When flags are evaluated for an identity, the full complement of persistent traits stored within the platform are combined with any traits provided in the request before the evaluation engine runs. This is useful when your application does not have all the relevant trait data available at runtime.
There are some exceptions to this rule with Server-side SDKs running in local evaluation mode.
When using our SaaS platform, there might be a short delay from the initial request to write or update traits for an identity and them being used in subsequent evaluations.
When traits should be persistent
Use persistent traits for stable attributes you want Flagsmith to remember across evaluations:
- Plan tier (
plan: scale-up) - Role (
role: admin) - Locale preference (
locale: en-GB) - Toggles set by another service (e.g.
beta_opted_in: true)
Persistent traits let an identity carry trait data that the evaluating service does not have direct access to. You can pre-associate traits via the API, or set them from a separate service that has access to different information.
They also reduce the payload your SDK has to send on every evaluation, because Flagsmith reuses the stored values when the trait is not supplied in the request.

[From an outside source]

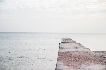 Seagull birds sit on a long stone pier at sea and blue sky. Pacific sea without waves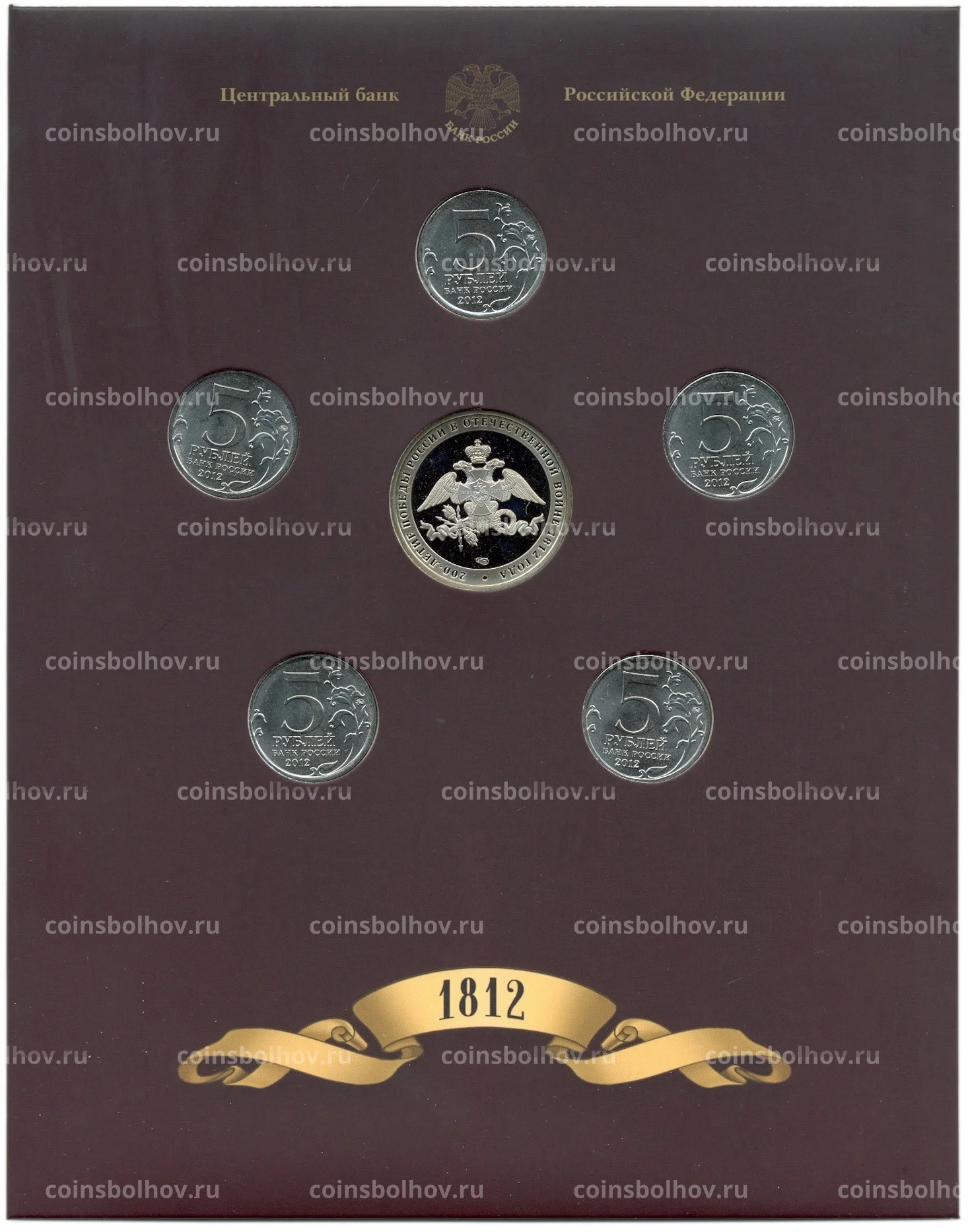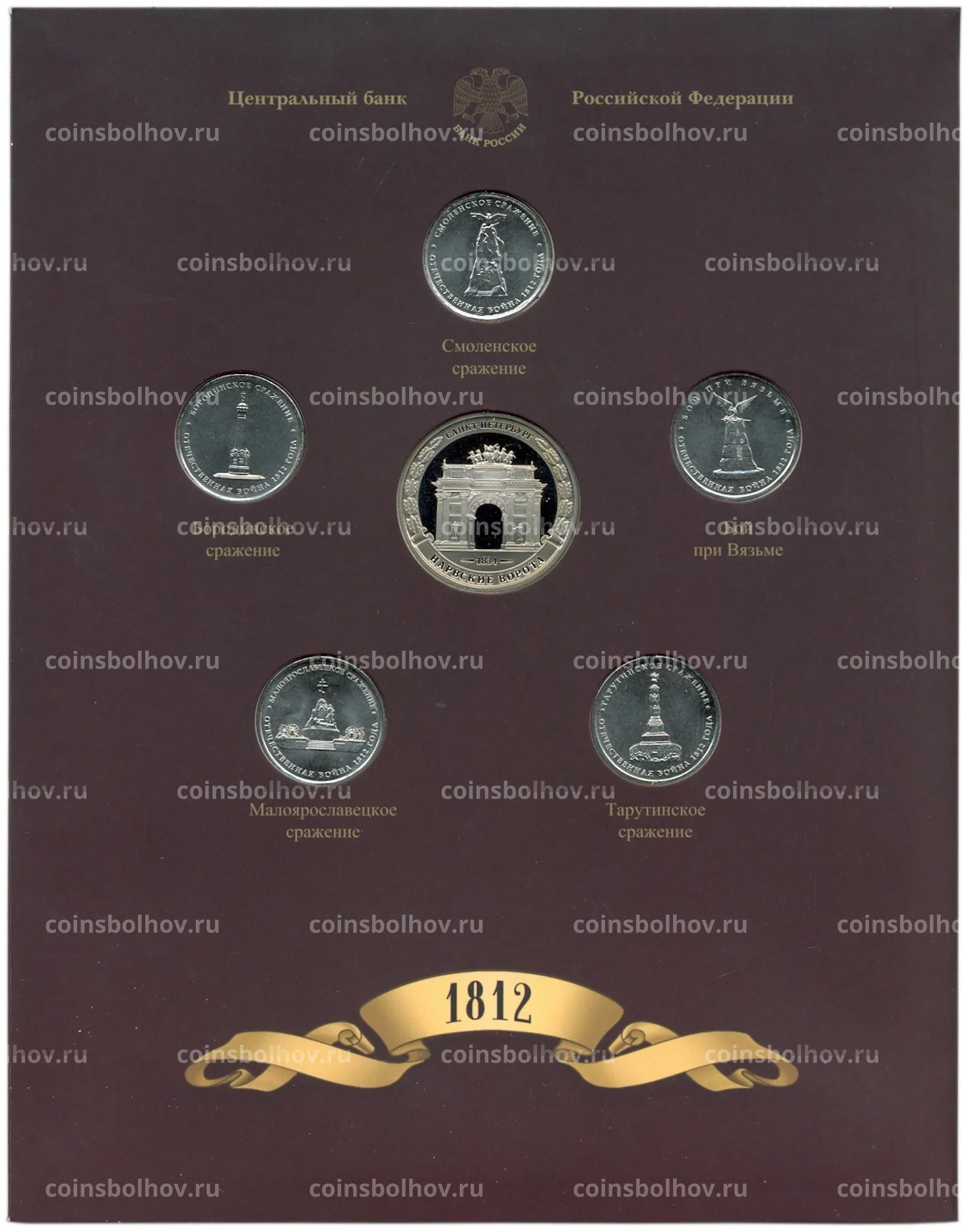Набор из 5 монет 5 рублей 2012 года «200-летие победы в Отечественной войне 1812 года — Сражения и знаменательные события» — Выпуск 3 (уценка)

Using traits as a data-store
Persistent traits can also be used to store additional data about your users that would be cumbersome to store within your application. Some possible uses include:
- Storing whether the user has accepted a new set of terms and conditions.
- Storing the last viewed page of the application so that you can resume the user's place later, across any device.
Generally, if these are lower-value pieces of information about your user, it might be simpler to store them in Flagsmith rather than in your core application. Apply the PII rule here as well: do not use this pattern to store identifying personal data.
When traits should be transient
Use transient traits for ever-changing values that should not be stored long-term:
- Location (
country: FR) - Device (
device_type: mobile) - IP address
- Session-scoped values that are only meaningful for this evaluation
See your SDK documentation for the syntax to mark traits or identities as transient when evaluating flags. The mechanism is supported across client-side and server-side SDKs.
Personally Identifiable Information (PII)
PII must be transient. This is a hard rule, not a preference. Email addresses, phone numbers, full names, and any other identifying personal data should never be stored as persistent traits in Flagsmith.
The same rule extends to the identifier itself: use a non-PII identifier such as a UUID, a hashed user ID, or another anonymised value. Using an email address, username, or other PII as the identifier means PII ends up persisted in Flagsmith as the identity record, which is the very thing the PII-as-transient rule is designed to prevent.
The unifying principle: no PII in Flagsmith, anywhere, neither as identifier nor as persistent trait.
If your privacy review treats a value as PII, do not store it in Flagsmith.
Passing traits at evaluation time
Always pass the complete set of traits you have available to you with each evaluation request.
For persistent traits, the value you pass replaces the stored one for this evaluation and going forward. For transient traits, the value must be passed each time, since it is not stored.